Write a PairwiseAlignments object to a file

Description

The writePairwiseAlignments function writes a PairwiseAlignments object to a file. Only the "pair" format is supported at the moment.

Usage

writePairwiseAlignments(x, file="", Matrix=NA, block.width=50)

Arguments

x

A PairwiseAlignments object, typically returned by the pairwiseAlignment function.

file

A connection, or a character string naming the file to print to. If "" (the default), writePairwiseAlignments prints to the standard output connection (aka the console) unless redirected by sink. If it is "|cmd", the output is piped to the command given by cmd, by opening a pipe connection.

Matrix

A single string containing the name of the substitution matrix (e.g. "BLOSUM50") used for the alignment. See the substitutionMatrix argument of the pairwiseAlignment function for the details. See ?substitution_matrices for a list of predefined substitution matrices available in the pwalign package.

block.width

A single integer specifying the maximum number of sequence letters (including the "-" letter, which represents gaps) per line.

Details

The "pair" format is one of the numerous pairwise sequence alignment formats supported by the EMBOSS software. See http://emboss.sourceforge.net/docs/themes/AlignFormats.html for a brief (and rather informal) description of this format.

Value

Nothing (invisible NULL).

Note

This brief description of the "pair" format suggests that it is best suited for global pairwise alignments, because, in that case, the original pattern and subject sequences can be inferred (by just removing the gaps).
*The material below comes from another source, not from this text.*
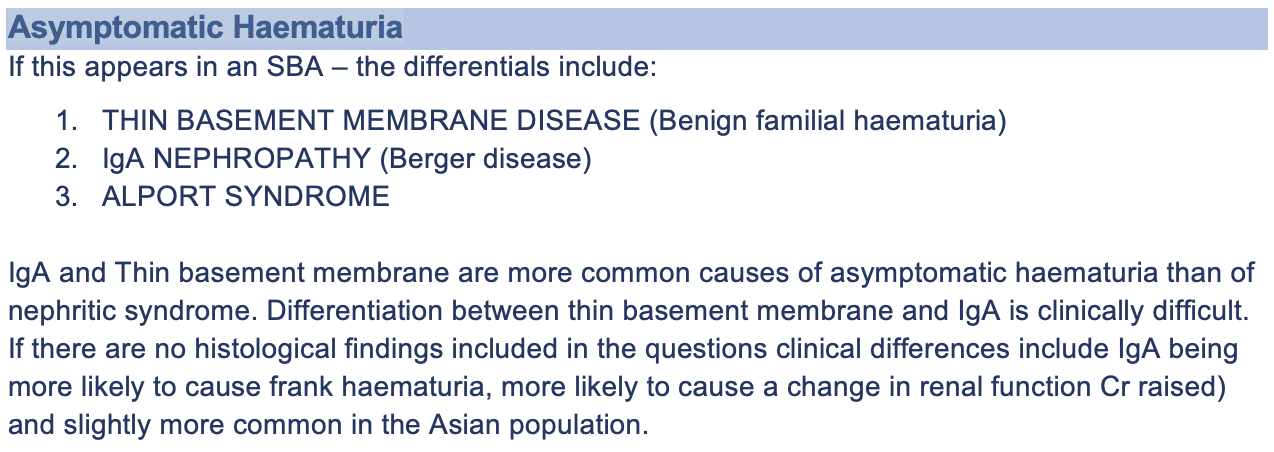 Summarise asymptomatic haematuria

However, even though the "pair" format can also be used for non global pairwise alignments (i.e. for global-local, local-global, and local pairwise alignments), in that case the original pattern and subject sequences cannot be inferred. This is because the alignment written to the file doesn't necessarily span the entire pattern (if type(x) is local-global or local) or the entire subject (if type(x) is global-local or local).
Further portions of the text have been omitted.